═══ INFORMATION PROVIDED ═══

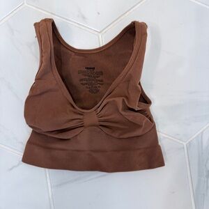 Experience comfort and style with this elegant tan bralette, featuring delicate lace trim. Perfect for everyday wear.
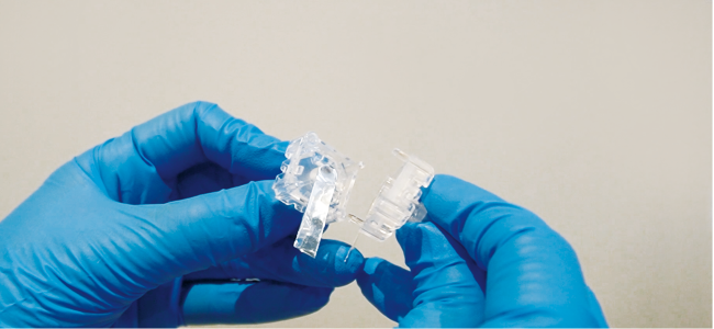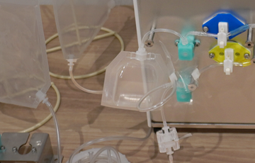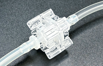 First, attach the two connectors. Next, automatically detach the aluminum seal plates attached to them while heating them with the welder. This causes the connector ends to be heat-welded. As a result, the tubing is connected in a sterile state via the connectors, enabling the flow of liquid.
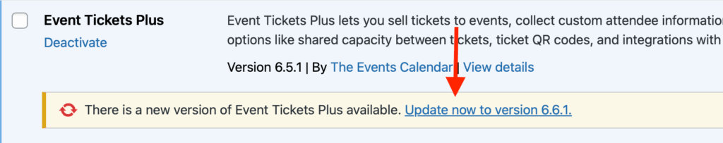 - Then, update the premium plugins (Events Calendar Pro and/or Event Tickets Plus).
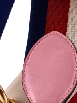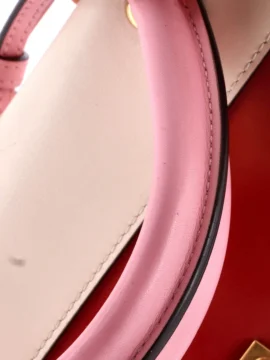 This bag boasts a sleek, geometric design that blends boldness and sophistication. Its semi-pyramidal shape is coordinated in white, red, and navy, with a pink top handle adding a touch of soft femininity. A detachable shoulder strap in vibrant, interwoven colors enhances its modern appeal, making it suitable for a variety of looks.

═══

TASK PROMPT:
Pictures aside, please output the whole listing exactly as it appears above.

RESULT:
 Experience comfort and style with this elegant tan bralette, featuring delicate lace trim. Perfect for everyday wear.
 First, attach the two connectors. Next, automatically detach the aluminum seal plates attached to them while heating them with the welder. This causes the connector ends to be heat-welded. As a result, the tubing is connected in a sterile state via the connectors, enabling the flow of liquid.
 - Then, update the premium plugins (Events Calendar Pro and/or Event Tickets Plus).
 This bag boasts a sleek, geometric design that blends boldness and sophistication. Its semi-pyramidal shape is coordinated in white, red, and navy, with a pink top handle adding a touch of soft femininity. A detachable shoulder strap in vibrant, interwoven colors enhances its modern appeal, making it suitable for a variety of looks.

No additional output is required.